A: The most surprising thing I learned is that the best diaries and letters don’t necessarily come from the most beloved authors.

Eric Knight, for instance, came to Hollywood from the Yorkshire dales, confident he could help the cinema realize its true potential. Within a year, he had a nervous breakdown. As therapy, he fled and started planting alfalfa. Soon, he was confiding to the folks back home: “I always have this typewriter, who looks at me open-faced each morning and loves me like my dog does.” If you’re so lonesome that your typewriter begins to look like a collie, you could do worse than what Knight wound up doing: Creating Lassie.

Q: As someone of Japanese-American descent, the entry from Aoki Hisa on Dec. 7, 1941 — Pearl Harbor — hit me hard, because I could imagine my mom’s relatives feeling the same fear and confusion.

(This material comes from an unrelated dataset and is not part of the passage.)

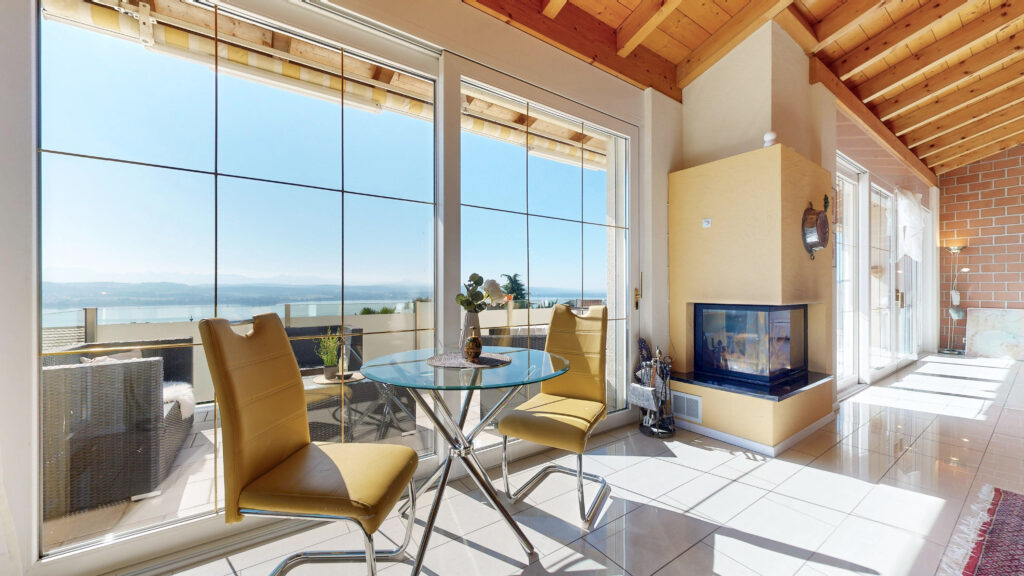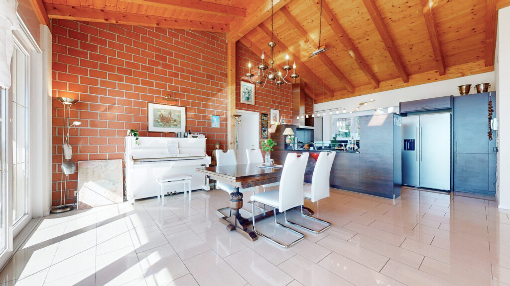 Das Herzstück bildet der 71 m² grosse Wohn- und Essbereich mit Cheminée – lichtdurchflutet, offen gestaltet und mit direktem Zugang zur grossen Terrasse. Die offene Küche mit Foodcenter lässt keine Wünsche offen und ist wie geschaffen für alle, die das Kochen lieben und gerne Gäste empfangen.

Was there a passage that had that effect on you?

A: The first passage that comes to mind for me isn’t nearly as personal, but it still gets me every time. The diarist Christopher Isherwood wrote to a friend shortly after the assassination of JFK. He says this about the president: “In this quite largely anti-Kennedy town, which has so little to unite it, it was amazing how much everybody minded. People just sat listening to the radio in their cars and sobbing.”

I sometimes wonder what it’d take to unite Angelenos like that again. Something happier, I hope.